Я невольно посочувствовала ему: наверное, тяжело жить в постоянном страхе, что твоя дочь начнет встречаться с парнем, который тебе не понравится, и вместе с тем бояться, что она останется одна. И я с содроганием подумала, как ужасно было бы, имей Чарли хоть малейшее представление о моем избраннике.

Помахав мне рукой, Чарли ушел, а я направилась наверх, чистить зубы и собирать учебники. Услышав, что полицейская машина уехала, я не вытерпела и нескольких секунд – тут же выглянула в окно. Серебристый «вольво» уже ждал на подъездной дорожке, на месте, которое еще совсем недавно занимала машина Чарли.
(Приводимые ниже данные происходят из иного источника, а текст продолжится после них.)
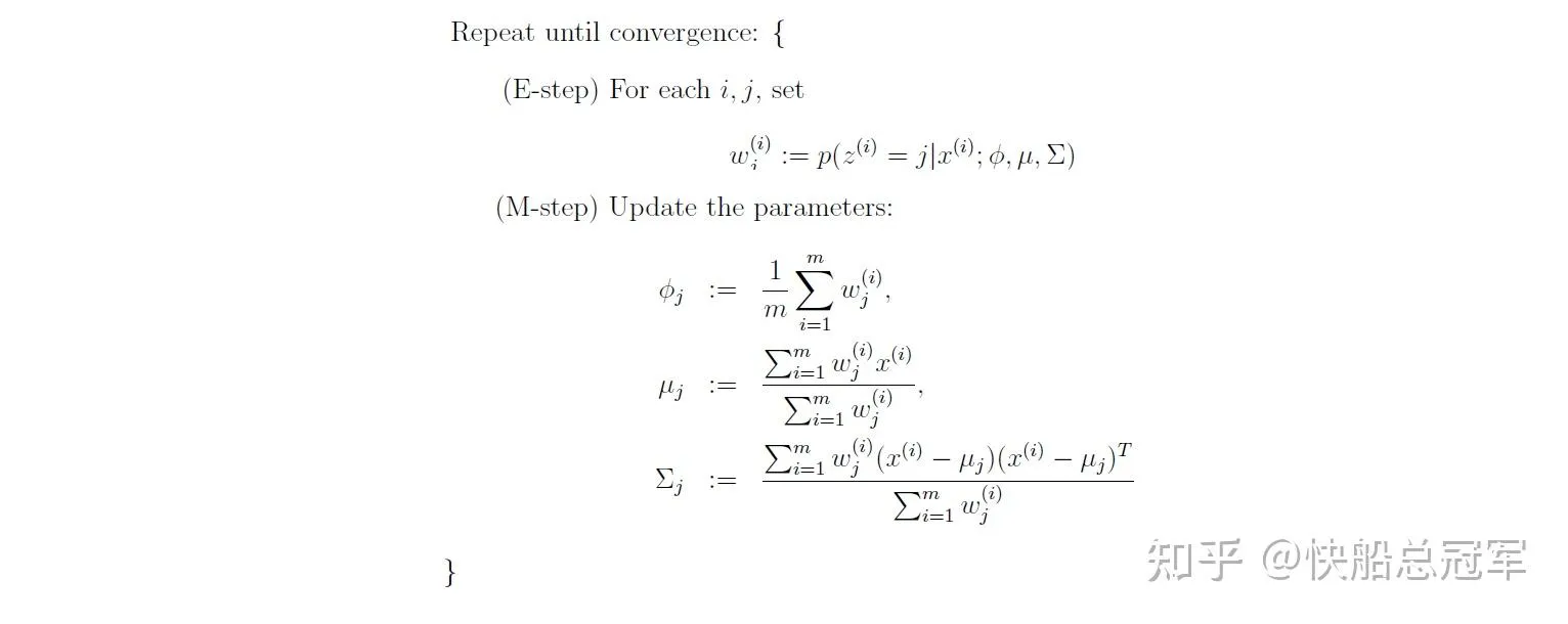 对于每一个循环中我们假设了 P(zi=j∣xi,ϕ)=Σi=1kP(xi∣zi=j,ϕ)P(zi=j,ϕ)P(xi∣zi=j,ϕ)P(zi=j,ϕ) ,并保持它在该循环不变,更新相应的参数,最后该表达式会收敛到确定的参数值。

Я скатилась с лестницы и вылетела за дверь, гадая, надолго ли установился этот невероятный порядок. Лучше бы навсегда.

Эдвард ждал в машине и, казалось, не видел, как я захлопнула дверь дома, не удосужившись поставить замок на сигнализацию. Я подошла к «вольво», робко помедлила перед дверцей, открыла ее и села. Он расслабленно улыбался и, как обычно, был невыносимо прекрасным и безупречным.

– Доброе утро, – приятным голосом поприветствовал он. – Как ты?

Его взгляд блуждал по моему лицу. Мне показалось, что он задал вопрос не просто из вежливости.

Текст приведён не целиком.